What brought this blog to my mind, is that my husband and I have birthdays 5 days apart, which is coming up soon.  The past few years we have each taken a turn at preparing a dish at home for the birthday boy/girl.  Talking and drinking wine together in the kitchen while one cooks and prepares with love the meal for the evening.   It has always been very enjoyable and relaxing.  

This year, I came up with a different idea, basically because our city has become a restaurant mecca, so to speak.  Many of the chefs and their restaurants are becoming nationally known.  We have not been to many of them, as we usually stick to our tried and true restaurants.  I suggested that we have one big celebration birthday dinner out.  Steve agreed and told me to pick the place.  

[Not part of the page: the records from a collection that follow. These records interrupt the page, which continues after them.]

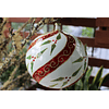 Esfera 16 cm de ancho. Incluye base de herrería pintada en dorado. Alto de la base 19cm. Ancho de la base 15cm
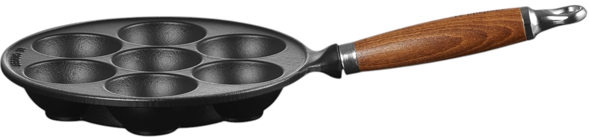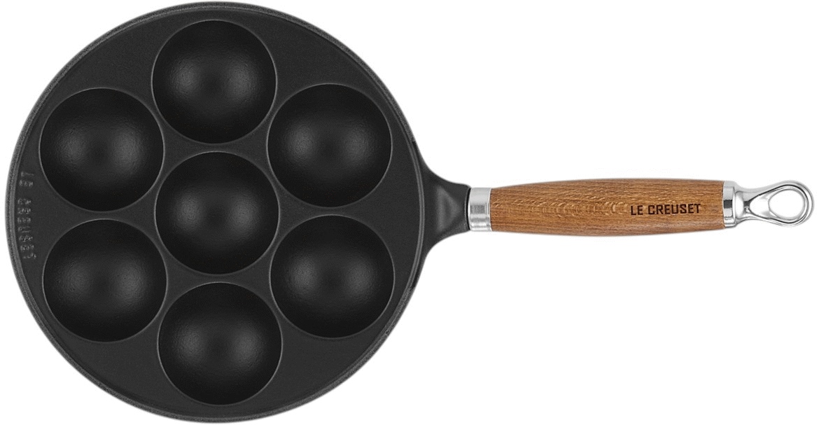 Le Creuset Æbleskivepande med træhåndtag bringer den klassiske danske tradition ind i dit køkken med et strejf af fransk kvalitet og elegance. Denne 20 cm pande i mat sort støbejern er designet til at skabe perfekte, runde æbleskiver med en sprød ydre skal og en blød, luftig midte - ikke kun til jul, men året rundt når sulten efter denne danske delikatesse melder sig.Støbejernsdesignet sikrer optimal varmefordeling og -fastholdelse, hvilket giver dig præcis den jævne varme, der er nødvendig for at opnå det perfekte resultat hver gang. Det elegante træhåndtag er ikke blot et stilfuldt designelement, men også en praktisk detalje, der forbliver køligt under madlavningen, så du trygt kan håndtere panden selv ved høje temperaturer.
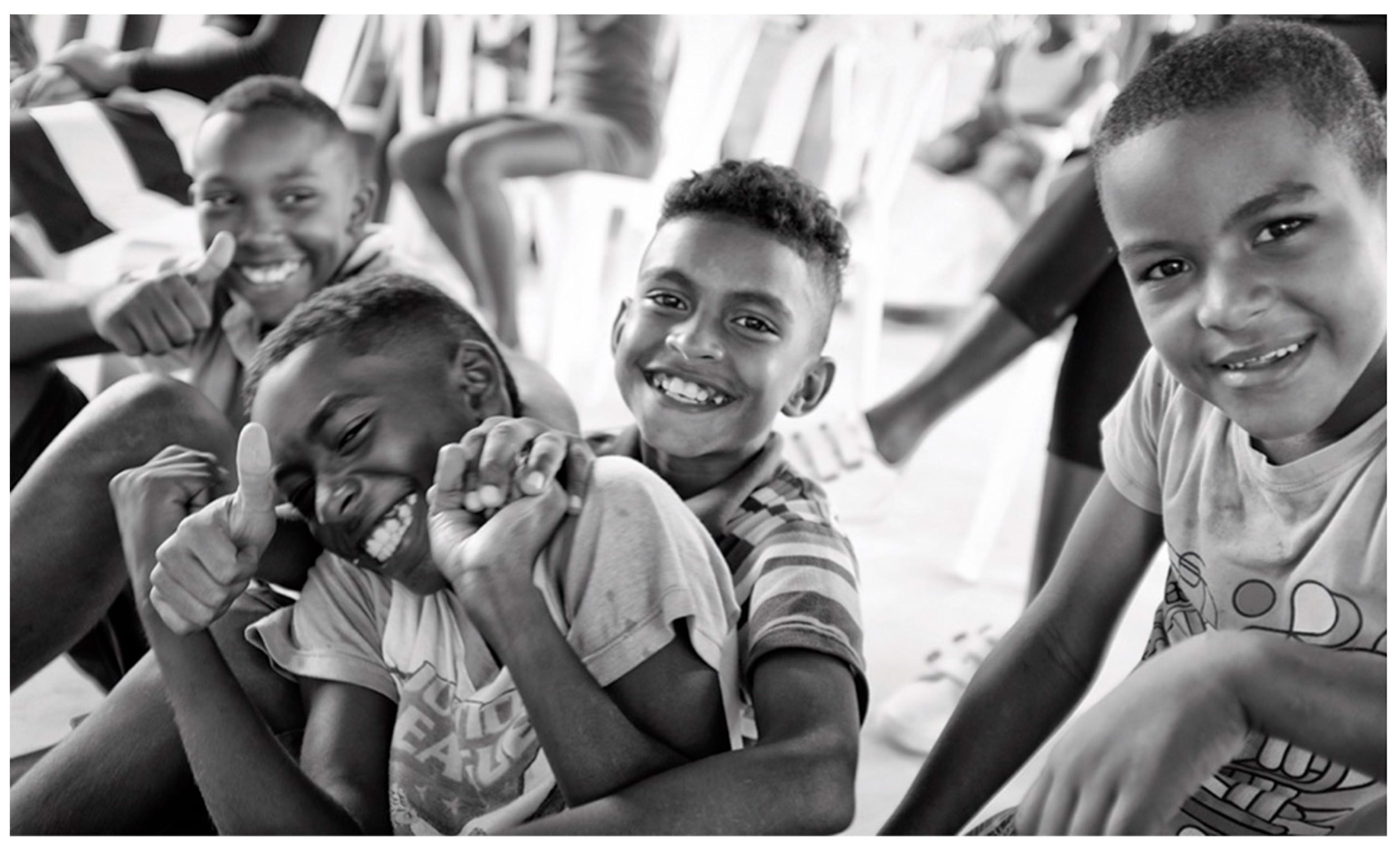 Figure 9. Children in the futures visualization workshop. Ma-Majari Community of El Níspero, Montes de María, Colombia. 2020. @Daniel Huertas. Actitud (Attitude). Identity is a dynamic construction. The new generations demand new readings of identity, which is why it is necessary to understand spatial structures as associations of immaterial elements, not as a consolidation of material distributions. As an articulator of the identity processes of Afro-descendant communities, housing needs to be a protagonist in the renewal of cultural systems.
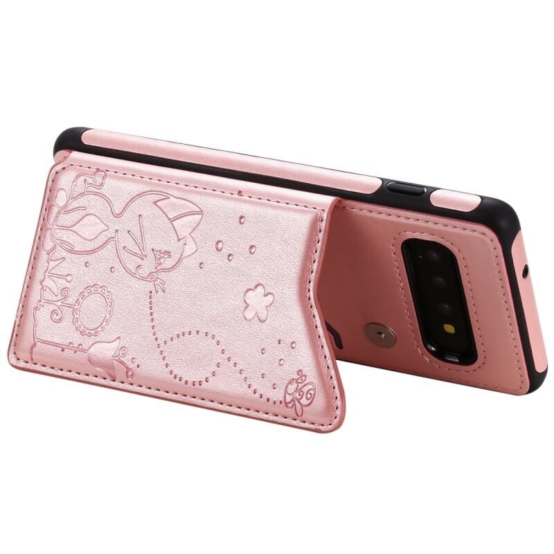 Θήκη προστασίας με ανάγλυφο σχέδιο Cat Bee για Galaxy S10, ανθεκτική στις κρούσεις, με θήκες για κάρτες & κορνίζα φωτογραφιών (Ροζ χρυσός)
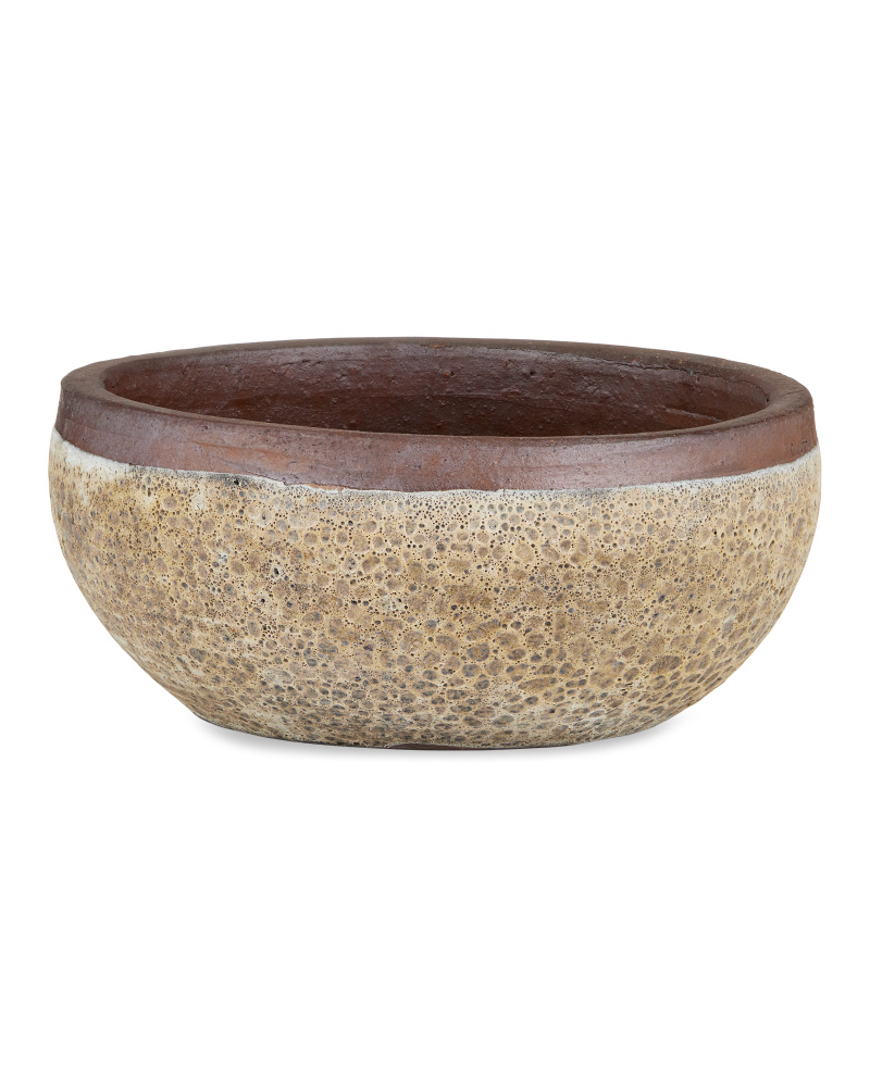 The Lyra Beige Small Planter is a bowl-shaped garden planter with a surface that looks like it has fissures and craters in it thanks to the incredible reactive cream glazing that was applied after the vessel was fired. There is a mottling on the surface of the tan planter that brings it an incredible texture. The Lyra has a drain hole, though the vessel does not come with a plug.

I looked up several restaurants that have received very high reviews, then proceeded to see if their menus were on line.  They were.  This could be good or bad, depending on how you want to look at it.  All I can say is that I had to have google beside me to look up what something was on almost every item from the appetizers to the desserts.  It is not that I have turned in to a "meat and potatoes" kind of person.  NEVER!  I love many other dishes. However, I do prefer to know what I am putting in my mouth. When I started to find out exactly what some of these menus items were, it told me that I am definitely not a 'foodie,' in the sense that this word is tossed around in today's times.

A foodie is not just a person who enjoys good food or has a particular interest in food, as I know that I do.  I love to cook and share new recipes with family and friends.  On weekends especially, Steve and I like to plan out a new menu item and make sure that we pick up what we need at the grocery store.  I suppose you could call it a hobby that we enjoy doing together.  The main idea here is to let you know what a real foodie is.  To be able to have that label attached to yourself, you must have a refined interest in food, especially on the gourmet side and you live to try new an unusual dishes.  

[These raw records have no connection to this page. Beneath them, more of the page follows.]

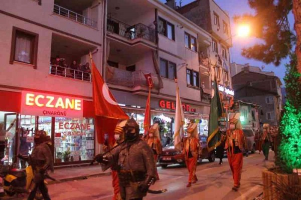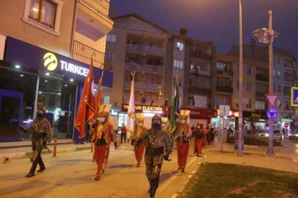 Salgından korunma tedbirlerine dikkat ederek, maske ve eldivenleriyle, sosyal mesafelerini koruyarak, Atatürk Caddesi boyunca gösteri sunan Ay Yıldız Mehteran Takımı’nın gösterisi Şehit Cüneyt Yıldız Caddesi’nde son buldu.
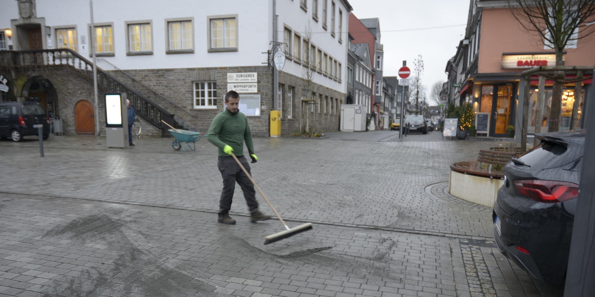 Wipperfürth – Auf dem Marktplatz hat am Dienstagmorgen ein Arbeiter neuen Split in die Fugen der indischen Grauwackesteine gekehrt. Die Maßnahme hatte nichts mit dem Sturz einer Dame zu tun, über den wir kürzlich berichtet haben, sondern es handelt sich nach Auskunft der Stadtverwaltung um Unterhaltungsarbeiten. Zuständig dafür ist die Firma Boymann, die auch die Grauwackesteine auf dem Marktplatz verlegt hat. Die Arbeiten seien Bestandteil der Vertragserfüllung.
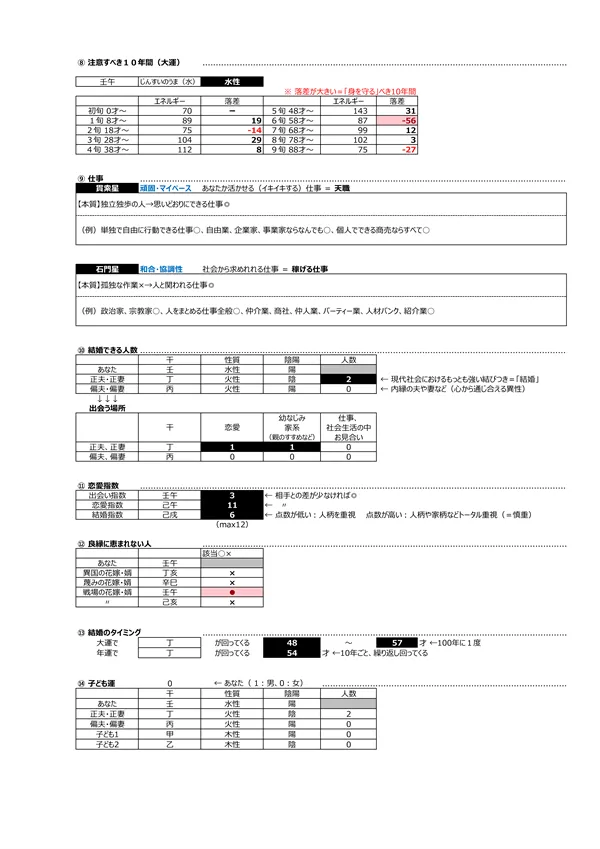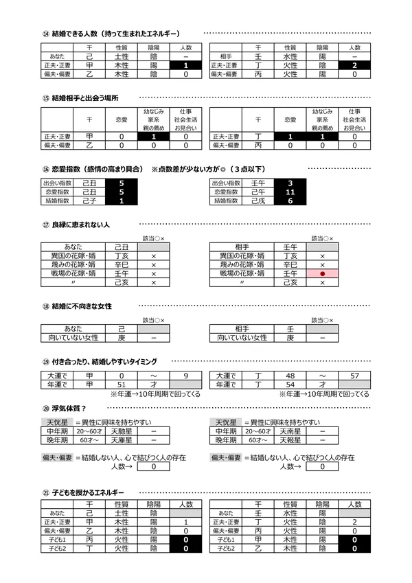 - M 結婚できる人数 → 生まれながらに結婚のエネルギーが有るかを知ることができます。「0」の人は、「1人でいた方が輝ける人」という見方をします。結婚後、違和感を感じたら、2人のために「早めのリスタート」をするか、家庭内に「1人になれる場所」を作ったりする必要があります ※「偏夫・偏妻」とは籍を入れない「内縁の夫・妻」などを示します 説明ページ
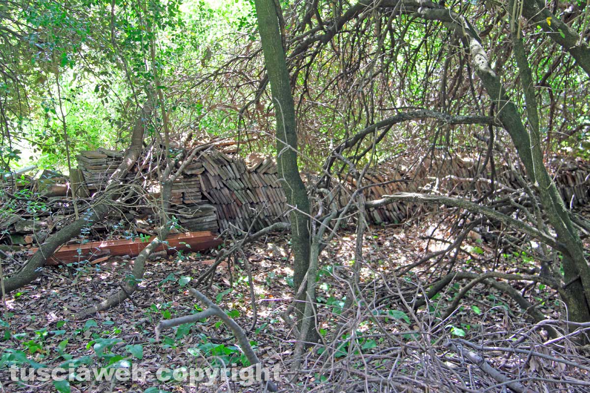 A lati del sentiero, fin dove è possibile arrivare, le cose che si spera i turisti non notino mai sono, nell’ordine: 1) una discarichetta con tanto di, almeno sembrano, mattoncini in cotto, plastica e altra roba buttata là alla rinfusa; 2) elementi appartenenti probabilmente alla villa gettati anch’essi come meglio capita e sommersi da erba e rami secchi; 3) un parcheggio per automobili, sicuramente (?) regolare, perché a un certo punto, sdraiati a terra come la scultura di un sarcofago, si vedono un paio di segnali che lo indicano. Tuttavia affatto bello da vedere, così come una macchina che, per metterla all’ombra, sembrerebbe essersi addentrata un po’ troppo; infine, 4, una scatola con dei fili a cielo aperto.

Some of the items that were on the menus of restaurants that I wanted to consider are listed here:

  • Maine lobster pancakes
  • quail or pheasant sausages, veal jus
  • foie gras
  • strawberry tomato sorbet
  • beluga caviar
  • escargot
  • saffron crawfish
  • cornmeal dusted oysters
  • buffalo
  • elk
  • turtle soup
  • pork belly
  • beet salad with goat cheese and peaches

On the three menus that I looked over, there may have been two items that I would want to order and eat.  One other thing that I noticed, is that the menu items that were unusual and at times required me to look up exactly what they were, also had very steep prices attached to them.  Now, I do not mind paying higher prices for good food, it is just that I must be able to eat the food.  You won't hurt my feelings if you say that I do not enjoy adventure in eating. Probably because I am trying to watch what I eat, this could be a good thing.


In the pictures above are foods that I am sure most of you recognize.  Maybe not the first one?  It happens to be foie gras, which in case you did not know is duck or goose liver.  It is a picture of one of the many ways I saw it mentioned on menus; to use it with preserves, or it may be sauteed in a cast iron skillet or it may be put on a perfectly good filet mignon as a gravy.  The seafood plate has some things I most definitely would order, it is just that you can't order just those things.  It is all or nothing.  Good old fashioned hamburgers and hot dogs can be a choice, although that is not a healthy way to eat all of the time, I would most definitely take a hot dog dinner from Sonic Drive-in versus having a meal of pork belly and oysters.  So?  Call me a cheap date!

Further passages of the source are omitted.